The concern over rising debt is heightened by the fact that Americans are now experiencing the highest level of delinquencies since 2012, surpassing the predicted level proposed by banks and card issuers. The surge in credit balances during the holidays, coupled with existing hefty debt loads, is ringing alarm bells within financial circles.
Despite robust spending throughout the year, there are indications that the pace of spending may begin to slow. A separate report by the Federal Reserve showed a drop in consumers’ median spending growth expectations in December to 5.02%, the lowest since May 2021. This decline, however, is accompanied by an improvement in Americans’ overall feelings of optimism about the economy and inflation.
On the inflation front, the report highlights a noteworthy shift in consumers’ expectations.

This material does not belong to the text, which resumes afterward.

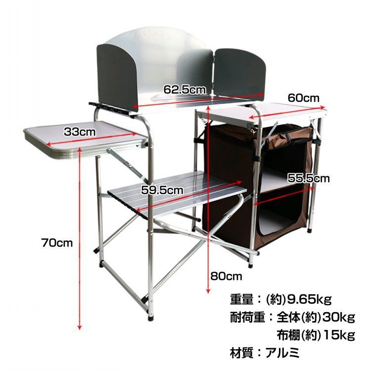 アウトドアテーブル アウトドアキッチンテーブル キャンプテーブル 調理台 折りたたみ 風防付き 耐荷重約30 kg 収納バッグ付き アルミ キャンプ バーベキュー BBQ od 338

Median inflation expectations for one year ahead have fallen to the lowest level in three years. The decline in expectations is viewed positively, according to the Federal Reserve, indicating a potential relief from the persistent inflation that has impacted Americans’ purchasing power.
Responding to economic indicators, the Federal Reserve has signaled the possibility of three rate cuts in 2024. Lower interest rates could stimulate the economy by making it easier for consumers to finance major purchases. However, this move also signifies a shift away from the era of “peak savings rates,” indicating a balance between economic growth and monetary policy adjustments.
Despite the concerns over rising debt, the survey reveals a generally optimistic outlook among consumers regarding credit access and overall financial health. Respondents are less pessimistic about their current household financial situation compared to the previous year, and the outlook for the year ahead is also more positive. While projected earnings growth has dipped, consumers remain upbeat about the U.S. labor market’s resilience.